That’s great, but how to find it? How to know that this is the bottom and the market will go up?
“I am waiting for it to reach the support level and will buy then”
Stuff like supports, resistances or Fibonacci retracements can be useful, but those levels are everywhere! Wherever you draw a horizontal line and then scroll the chart back, you will find that the market had found support or resistance around that line. That is, of course, if we are not in a new all-time high/low situation.
It both cases this is not something we can solely rely on. We need more.
“When my favourite indicator goes oversold, this is the bottom, and I can buy”
Indicators are also nice but can they tell you where exactly to buy? Let’s check.
Here is the chart of Canadian Dollar futures. If you are a Forex trader the USDCAD will be the same, just inverted.
At point A, it stayed oversold for a lot of time. But point A is not a higher short-term low, right? That’s correct! At point B there is a higher short-term low, but the indicator is not giving a signal at all (it doesn’t reach the oversold zone). In C it signals too early. D is the same as C.
That’s right, nothing can match the effectiveness of the price action and chart reading.
Just one clarification. We are discussing here the buy scenario, but it is the same (inverted) and can be applied if we are searching for short signals.
Here is the signal.
More than a decade ago, that was my favourite price action signal.
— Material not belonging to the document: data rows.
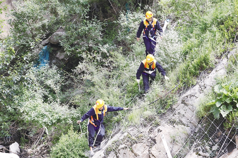 “剛下過雨,地麵濕滑,大家一定要抓牢踩實,防止滑倒。”走在最前麵的工長東(dong) 生瑞轉身大聲提示大家,他的聲音隨風在山穀間回蕩。在一段陡峭的山路旁,來自東(dong) 北的“00後”小夥(huo) 杜猛發現一塊大石頭下麵有空虛的跡象,他立即向東(dong) 生瑞匯報,並拿出自噴漆,在石頭周圍噴上記號和巡視日期。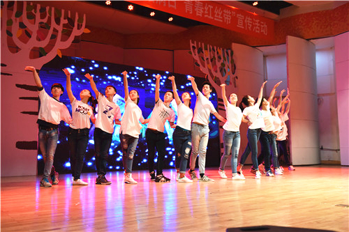 在随后的演出中,舞蹈《梦飞翔》、男生独唱《海燕》、配乐诗朗诵《飘扬的红丝带》、手语舞《爱你的人》、小品《爱是责任》等形式多样的表演对同学们进行了艾滋病知识和性健康防治宣传教育,鼓励大学生积极投身艾滋病志愿者队伍。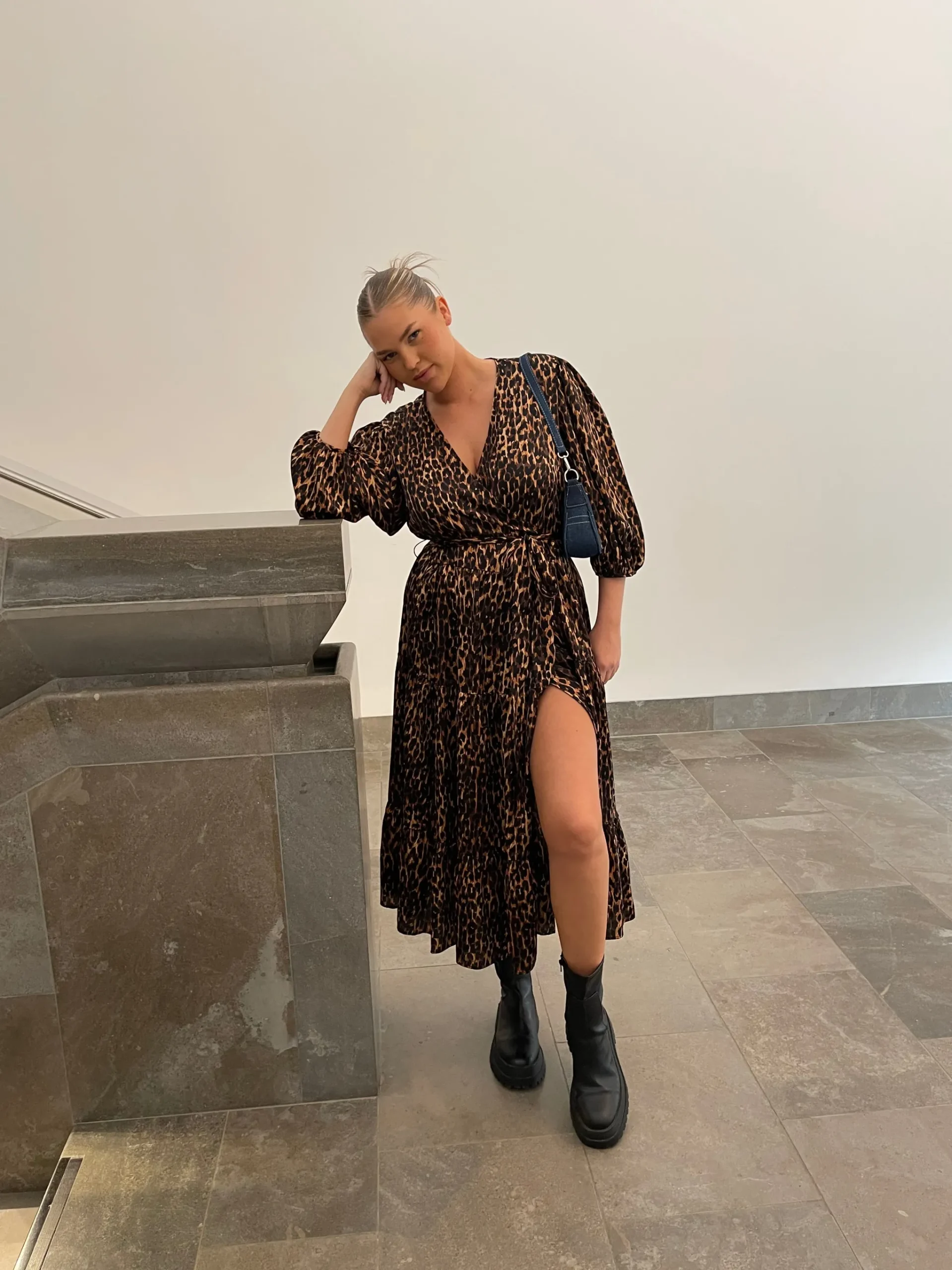 Glamorous Curve Women’s Brown Leopard Tiered Wrap Midaxi-Dress. This Midaxi dress is the perfect versatile piece that you will be wearing all year round! Featuring a flattering wrap front design and tiered skirt, this dress is will hug you in all the right places. Pair this with your favourite heeled boots for a stunning day to night look!

It is a combination of three candlesticks. #1 is a down candlestick. The next day #2 moves down and breaks the Low of #1. That triggers a lot of selling. If after all that selling, the prices can come back up and Close higher than the Open, that should mean a reversal and the new direction is up. This pattern is completed if #3 breaks above the high of #2. That was when I was buying.
I did a lot of real trading and backtesting using this entry and Larry Williams’ bailout as exit (getting out on the first profitable Open price). In EURUSD the win rate was about 60-65%, but it was not making enough money. The risk-reward was not very good, falling below 1:1 most of the time.
But just look at how it is picking the bottoms on the same CAD chart.
But wait a minute, where is it?
Only the first bottom looks similar, but this is the ultimate bottom, and we need a higher one to buy. But all those higher bottoms do not show the same pattern. Some of them contain a lot of inside days between #2 and #3 while in others #2 is an outside day!
BTW, there is a good sell based on that combination. Can you find it?
Again something is not right. If we are using this pattern, we won’t be able to catch the higher lows because it won’t give us a signal.
That is because here we are facing some of the biggest truths in trading.
- The situation is different
- The market participants are different.
- In one bottom the public is buying, in the other, it is selling
- Some market bottoms are expected by market makers, and they are prepared, others are a surprise and mean an increased risk for them
- In some bottoms, there is a lot of positioning by the institutional players
- Buying (or selling) is not the same. Not the same amount. Not the same intensity.
and so on.
All this means that the market’s tops or bottoms are not the same all the time.
It is the reason why the above indicator is failing. Because the bottoms are not the same. One requires only two candlesticks to be formed while another time the market bottom consists of 10 candlesticks. Some might include a deep correction of the previous up move while other’s don’t.
Even that pattern from above is changing. Look at your checklist. Inside you’ll find different types of candlestick shapes. Now try to replace the candlesticks from the discussed pattern with those from your checklist or The Talking Chart bool. See how it is changing? Now you can go to your charts and try to find those new combinations. That is how you learn chart reading.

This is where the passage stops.